Bright And Dark Facets Of The Internet
Narayan Prasad Ghimire
When the deadline to deposit monthly saving approaches, one of my brothers reminds through Messanger, “Hello everyone, please deposit the amount on time. Only five days are left.” Similarly, the youngest member of the family living abroad calls parents on Viber every now and then. The banks and finances send alerts on saving and credit to their customers.
Business companies and scientist are spreading publicity of their products and innovation on social networking sites. Moreover, those witnessing any event and accidents are casting live the science providing information ahead of reporters and photo journalists. Various groups and experts are whetting debates on pressing problems on Twitter and even waging struggle for rights and justice.
Government and security agencies are making people updated on the activities done, and seeking and hearing complaints. These are some examples representing some personal, social and institutional activities which are facilitated and enabled by internet- the brain of the global communication.
On the other hand, the number of people and communities being stigmatised and victimised with growing rumour, hoax, hatred, contempt, blasphemy and others is taking their toll on them. The news stories of separation and breakdown of family, sheer disrespect to social values, torching of newspapers, public threat to some groups are common in the national and international media. What is it amplified by? Yes, internet is not the cause, but enabler of such appalling issues, too.
The unprecedented opportunity created for communications, innovation, knowledge and business, on the one hand, and disappointing effects on individual and human society as a whole on the other have forced everyone to mull: Is internet enabler or destroyer of social values and system? Is it fomenting conflict or ensuring peace? More fierce debate is continued across world now: whether the internet is enabler or damager of democracy?
Going broader, freedom of press and expression, inclusiveness, transparency, separation of power with check and balance among state organs, right to information, rule of law and proportional representations are the fundamentals of democracy. There may be few to oppose this. Now, any individual, community, institution, or system can test how it is treating internet and being treated by the internet. For what purpose the internet is used? Just an instance, for many, Facebook is regarded as internet in Nepal. Why? As per media research organisations, there are some nine to ten million Facebook users in Nepal while there are around one million Twitter users. Needless to say, the facilities in these social networking sites determine the number of their users. Internet is broad and vast. Social networking sites are just some programmes enabled by technology and internet.
To mull again: why and how are Nepalis using these networking sites? Why are they using email communications? How profitable are they? And importantly, has the use of internet enabled Nepalis’ communications, innovation, knowledge and business? More importantly, has internet enabled or damaged our system or the pillars of democracy? Argument for and against it are rife. In my view, without conducting thorough study on the use of internet and its advantages and disadvantages in Nepali society, reaching a conclusion for or against it is illogical.
The most important point is internet, despite being a wonderful achievement, is produced, promoted by the human and for the welfare of the human. Whether making it beneficial or harmful entirely depends on us.
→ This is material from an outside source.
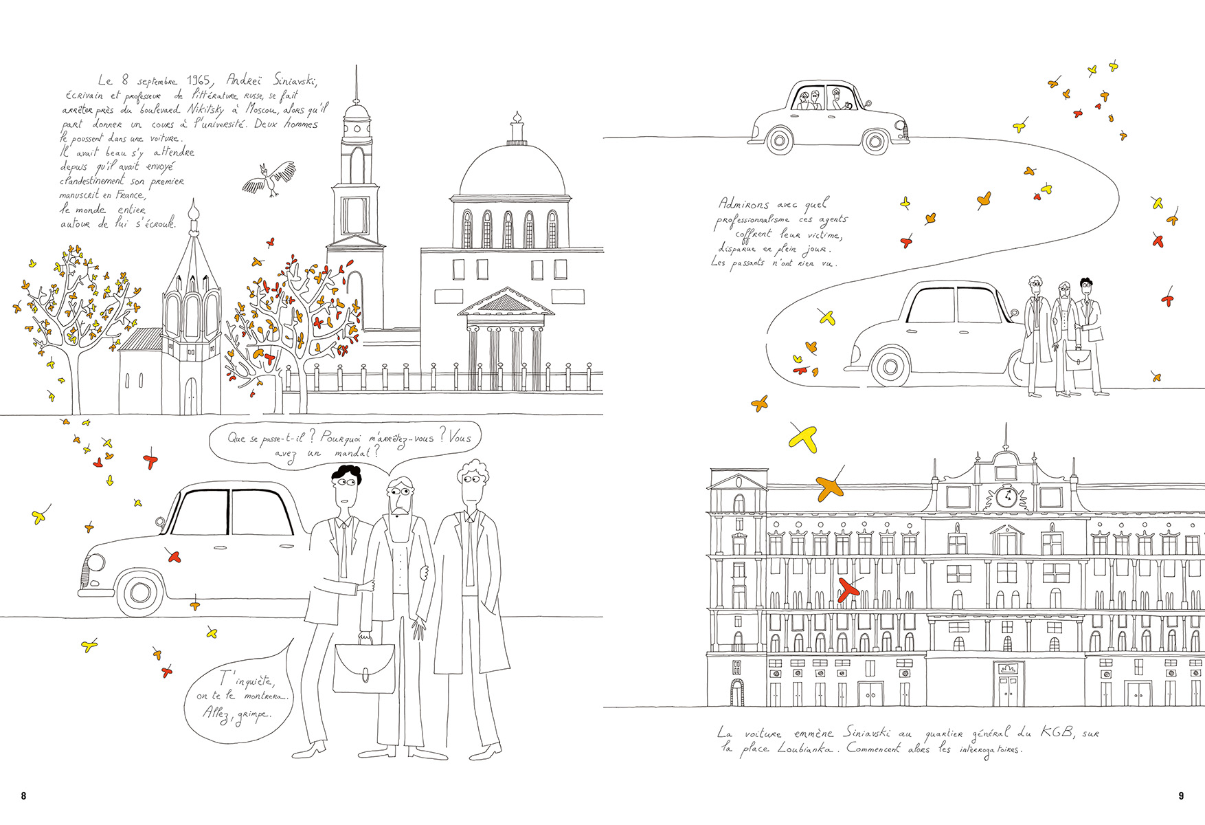 Emma Siniavski entremêle ainsi l’histoire et le portrait de famille, en assumant pleinement sa subjectivité. L’autrice n’a pas à forcer le trait pour convaincre du caractère exceptionnel de la vie de ses grands-parents dans un pays cadenassé par les services secrets, où la délation est un art. Le KGB arrête Andreï Siniavski car ce dernier fait passer en catimini ses textes littéraires par l’intermédiaire d’une amie proche, qui traduit et fait éditer ses écrits en France : Siniavski utilise le pseudonyme d’Abram Tertz, et son double acquiert une certaine notoriété dans l’espace occidental. Son arrestation lorsque le KGB le confond marque le raidissement de l’URSS après une timide période d’ouverture. Le récit tourne habilement en dérision les méthodes soviétiques et se plaît par exemple à raconter les stratégies de contournement opérées par Andreï pour continuer à écrire au goulag, ou la manière dont Maria cache les livres du couple au nez et à la barbe du KGB. Mais la répression finit toujours par s’abattre, et l’album ne cache pas la férocité du régime.
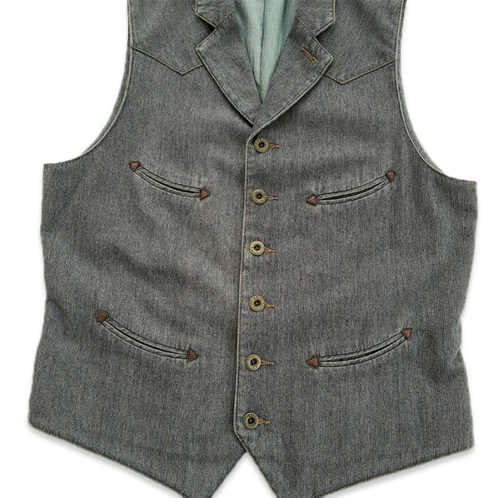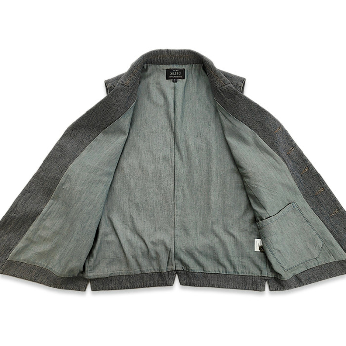 西裡布灰色美式復古休閒西服領馬甲青年修身水洗哢嘰新品非rrl

If we become slave to internet and misuse it by suppressing views, news and discourse, spreading hoax and manipulation, it is obviously counterproductive for society, system and democracy. Otherwise, harnessing benefits from it is always in favour of human development and strengthening of democracy.
However, the debate must be continued whether internet is enabler or damager of democracy? It is relevant debate for all countries. In order to continue this debate, we can link internet to our individual, social, cultural, economic, education and scientific aspects. The cultural perception of internet may contradict with scientific perception of internet because disruption is not always entertained by tradition and culture. Young technologists link disruption to innovation and innovation to development. Similar issues can be raised by economic and educational angles.
Conclusively, I would like to quote some lines from a famous book, ‘Free Speech: Ten Principles for a Connected World’ by an acclaimed writer, Timothy Garton Ash, as, “The world is not a global village but a global city, a virtual cosmopolis. Most of us can also be publishers now. We can post our thoughts and photos online, where in theory any one of billions of other people might encounter them. Never in human history was there such a chance for freedom of expression as this. And never have the evils of unlimited free expression- death threats, paedophile images, sewage-tides of abuse- flowed so easily across frontiers.”